In this issue, I'll show you how to use the Scratch list feature to build a message encoder (or translator) that can be played back using a simple circuit on the GPIO. From a programming skills perspective, it will demonstrate how to manipulate the individual characters of much larger strings and transform them into something new.

I remember creating codes with my friends so that we could write "secret" notes to each other in school. Sometimes, the code used simple substitution (e.g., Z for A, Y for B, etc.), and other times the code was gibberish. In this project, I'm going to show you how to build your own message encoder using Scratch to substitute letters and numbers for Morse code.

Even though the project can ultimately be used to encode messages based on any rules you might want to make up, I'm going to demonstrate it with Morse code. Morse code, although it has many historical uses, including amateur radio, aviation, and of course the emergency signal SOS, is not encountered too often by the public.

In this project, the code will be played back through a piezoelectric buzzer wired up to the Raspberry Pi's GPIO pins, which can be controlled with ScratchGPIO [1]. I gave an introduction to ScratchGPIO in issue 7 of Raspberry Pi Geek [2].

The actual circuit for this project is very simple, as seen in Figure 1, and this project can easily be modified to work with another component, such as an LED, or without any external electronics. However, the programming piece of the project will work extensively with lists (arrays) to create a "dictionary" of values that can be looked up to perform the encoding. To encode the message properly, I'll show you how to parse each message (a string), character by character.
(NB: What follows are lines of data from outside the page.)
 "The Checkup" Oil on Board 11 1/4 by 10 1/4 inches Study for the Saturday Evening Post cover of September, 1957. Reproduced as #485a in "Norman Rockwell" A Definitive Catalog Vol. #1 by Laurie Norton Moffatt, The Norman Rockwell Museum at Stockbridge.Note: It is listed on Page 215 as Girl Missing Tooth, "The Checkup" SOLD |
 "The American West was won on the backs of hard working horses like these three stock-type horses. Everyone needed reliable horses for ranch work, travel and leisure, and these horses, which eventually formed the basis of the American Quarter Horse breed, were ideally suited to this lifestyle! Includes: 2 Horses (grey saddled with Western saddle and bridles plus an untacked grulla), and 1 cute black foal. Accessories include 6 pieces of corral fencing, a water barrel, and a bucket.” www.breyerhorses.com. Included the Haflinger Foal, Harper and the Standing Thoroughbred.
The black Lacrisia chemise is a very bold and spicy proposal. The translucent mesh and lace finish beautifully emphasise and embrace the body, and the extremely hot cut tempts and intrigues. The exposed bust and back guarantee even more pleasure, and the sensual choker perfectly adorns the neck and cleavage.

Figure 1: The circuit showing how to connect a buzzer to the Rasp Pi to output Morse code.

Generating Morse Code

One of the great things about Morse code is that you can transmit messages in a variety of ways, including electrical pulses, tones, or flashes of light. Morse is composed of a pattern of dots and dashes to identify each character in the message. The difference between a dot and dash is the duration of the signal. A dash is three times longer than a dot, so if you are sending Morse code with an audible tone, the dot is one-third as long as the dash.
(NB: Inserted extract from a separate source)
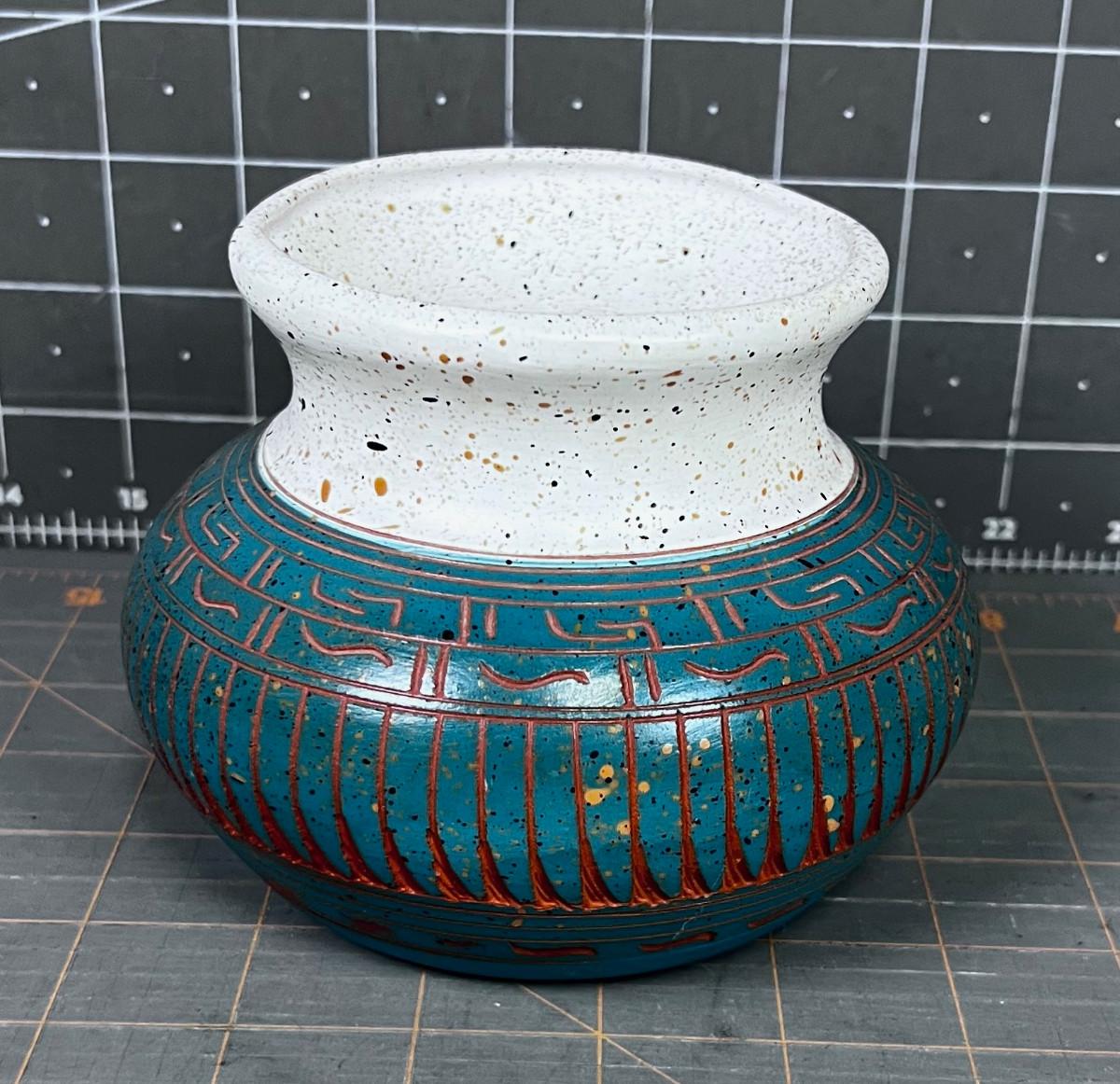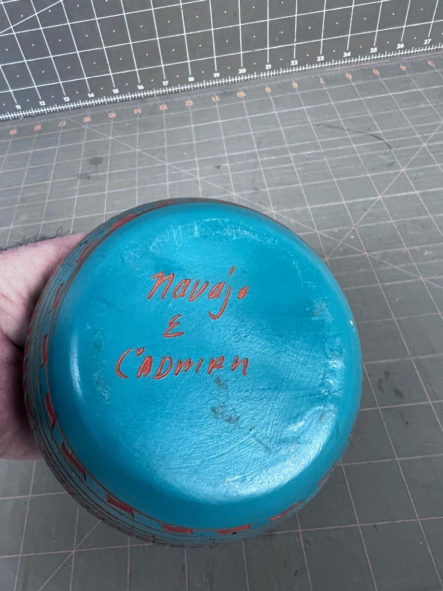 E Cadman Navajo Pottery Turquoise & White over Red Clay Pottery.

The spacing requirements for sending Morse code are summarized at the top of Figure 2, where unit is the duration of the signal and can typically be measured in milliseconds, as in one unit equals 50ms.
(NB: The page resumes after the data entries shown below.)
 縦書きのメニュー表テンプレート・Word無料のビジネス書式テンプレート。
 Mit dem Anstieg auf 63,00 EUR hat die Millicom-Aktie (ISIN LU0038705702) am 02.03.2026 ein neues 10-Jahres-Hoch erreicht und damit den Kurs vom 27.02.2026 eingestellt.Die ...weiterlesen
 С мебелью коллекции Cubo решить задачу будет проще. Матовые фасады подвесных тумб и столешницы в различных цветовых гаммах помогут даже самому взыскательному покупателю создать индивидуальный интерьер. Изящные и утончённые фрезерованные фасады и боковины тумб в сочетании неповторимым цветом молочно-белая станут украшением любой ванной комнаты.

Figure 2: A table showing the international Morse code values for letters and numbers. (Image is public domain from Wikipedia.)

I'll use each of the five unit lengths in the Scratch encoder to distinguish between letters and words to ensure that I generate understandable Morse code. The bottom part of Figure 2 shows the international Morse code values for each character. If you scan the list, you'll notice that the letter E is represented by a single dot. That's because E is the most frequently used letter in the English language, and it's represented by the shortest code. The more frequent the letter usage, the shorter the code.

With that basic understanding, I'll take a look at the scripts.

Initializing the Encoder

Figure 3 shows the initialization script for the project. In addition to setting some initial values, this script will prompt the user to type a message and then store it in a list named phrase. The ask () and wait block prompts the user for input and stores the input in the answer variable when the user presses Enter.

Figure 3: The initialization script, which sets some project values and prompts the user for a phrase.

As the script loops through the answer variable, each character is added to the list as a unique item. For example, if the user enters Hi Mike, then the seven-character variable becomes a list with seven items. Item 1 would be the letter H.

The add () to () block inside the repeat loop adds a blank entry to the list with each pass through the loop. The replace item () of () block replaces the last item in the list with the value in the current position of the answer block, as counted by the answer# variable. After incrementing the answer# counter, the loop checks to see if it should run again.

After each character in the answer variable is evaluated, the script sends a broadcast (encode) message, which signals the next part of the script into action.